Wow, look at that! Sanderson Elementary looks like they either have a really exceptional math program or something suspicious is going on.

Review#

First, we learned about using standard deviation as a measurement of how unusual a measurement in a data point might be. Data points that fall many standard deviations from the mean - either above or below - might be worth investigating as bad data or from other suspicious angles (cheating schools, in this case).

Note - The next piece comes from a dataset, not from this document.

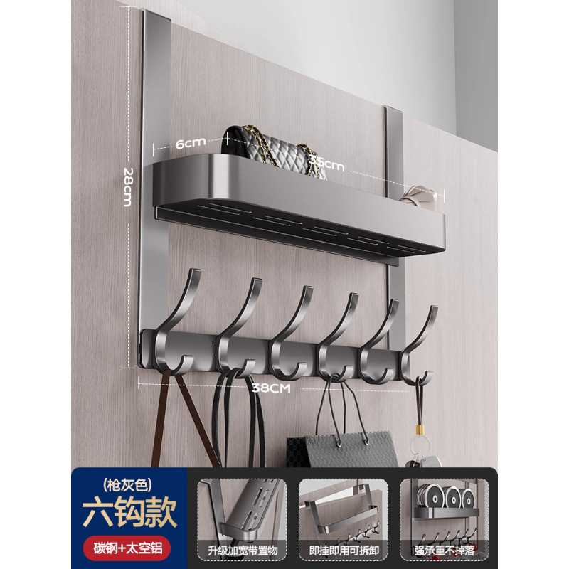 • 도어백 후크 수납선반 [건그레이 6후크] 암길이 28CM

Then we learned how a linear regression can determine the relationship between two numbers. In this case, it was how third-grade scores relate to fourth-grade scores, and then how math and reading scores relate to one another. By using a regression, you can use one variable to predict what the other should be.

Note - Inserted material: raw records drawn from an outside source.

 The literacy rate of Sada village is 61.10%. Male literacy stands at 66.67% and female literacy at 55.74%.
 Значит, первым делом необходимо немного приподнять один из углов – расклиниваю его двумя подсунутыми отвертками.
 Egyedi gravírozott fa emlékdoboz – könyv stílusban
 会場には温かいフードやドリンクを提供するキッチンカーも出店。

Finally, we used the residual or error from the regression to see how far off each prediction was. Just like we did with the original scores, we used standard deviation to find usually suspiciously large errors. Even though yes, our regression might not be perfect, times when it's very wrong probably call for an investigation.

Discussion points#

  • Why would this analysis be based on standard deviations away from the predicted value instead of just the predicted value?
  • Standard deviation is how far away from the "average" a school is. Let's say you scored 3 standard deviations away from the average, but it was only a 5-point difference. What kind of situation could lead to that? Is it as important as being 3 standard deviations away but with a 50-point difference?
  • The Dallas Morning News specifically called out schools with scores "more than three standard deviations away from what would be predicted based on their scores in other grades or on other tests." Do you think they ignored schools that were 2.99 standard deviations away?
  • Did we ignore those schools? If we did, how could we be more cautious in the future?
  • What are the pros and cons of selecting a cutoff like three standard deviations away from the predicted value? Note that three standard deviations is a typical number in stats
  • What's the difference between a school with predicted scores -3 standard deviations away as compared to +3 standard deviations away? Do we need to pay attention to both, or only one?
  • What next steps should we take after we've calculated these findings?
  • If a school did have a strong math department and a weak English department, they would definitely be predicted incorrectly. What happens to that school after being flagged by research like this?